= True Russian Orthodox Church =

2007–2008 doomsday cult in Russia

The Penza Recluses (Пензенские затворники, True Russian Orthodox Church, TROC; Настоящая русская православная церковь) were an Independent Russian doomsday cult founded by Pyotr Kuznetsov which borrowed some ideas from Eastern Orthodoxy. The self-given name of the group was "Heavenly Jerusalem" (Горний Иерусалим). The group broke away from the Russian Orthodox Church, considering it "insufficiently" orthodox. Its members were not allowed to eat processed food, watch television nor handle money. They rejected bar codes, social security and other national identification numbers, and passports as they are said to feature satanic imagery and other symbols, such as the "Eye of Providence" and "the number of the Beast".

In November 2007, between 29 and 35 members of the group holed themselves up in a cave in Russia's Penza region, near the village of Nikolskoye, threatening mass suicide by explosion if authorities or community members tried to intervene. Kuznetsov had told them to hide themselves away, to pray and await the end of the world, which he predicted would take place in May 2008. Kuznetsov, himself, was not with the group, as he had been placed under police arrest. Nonetheless, policemen, religious leaders, and various media outlets all camped outside of the cave for nearly six months, in the depths of winter, anxiously waiting to see if any members of the group would eventually give up and leave.

On March 28, 2008, seven women who had been in the cave were treated by emergency workers, regional officials said. Three days later, another 14 members emerged from the cave, after melting snow caused part of the cave’s interior to collapse.

On April 3, 2008, Kuznetsov was taken to a hospital where "Officials said that he may have attempted suicide after realising his prediction had been wrong." In subsequent years, he was in a psychiatric ward, with a diagnosis of paranoia. In 2016, the court again extended the duration of his treatment, per the request of the chief of the regional psychiatric clinic.

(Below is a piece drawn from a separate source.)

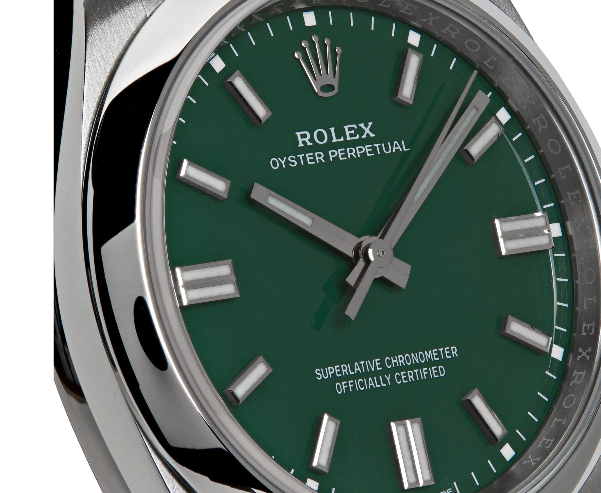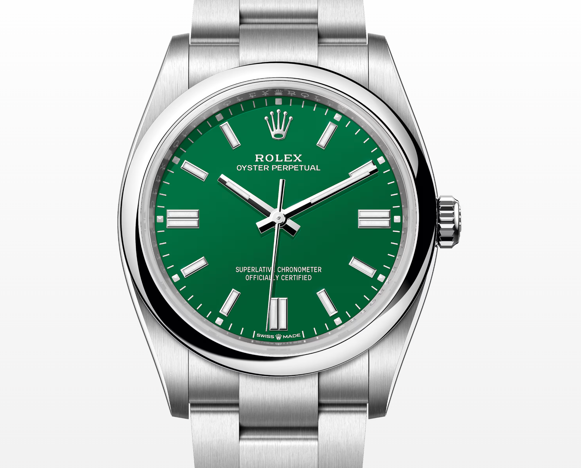 The Rolex Oyster Perpetual 36 Ref. 126000 in stainless steel with a vibrant green dial is a modern classic, combining everyday versatility with collector appeal.

On May 16, 2008, the last nine members of the cult emerged from the cave due to toxic fumes produced by decaying corpses; two fellow cult members had died during their stay in the cave. On May 21, after removing the bodies of the deceased, the cave was blown-up. Officially, this was done out of safety concerns, and its potential hazards to the local population and curious visitors. Several cult members would relocate to a deaf village in Belarus.

After their stay in the cave, most of the sect members left Nikolskoye, except for the family of Vitaly Nedogon, with his wife and three children. As of 2012, the Nedogons continued to live without electricity and passports; they still wait and pray to God that the end time's arrival will be imminent.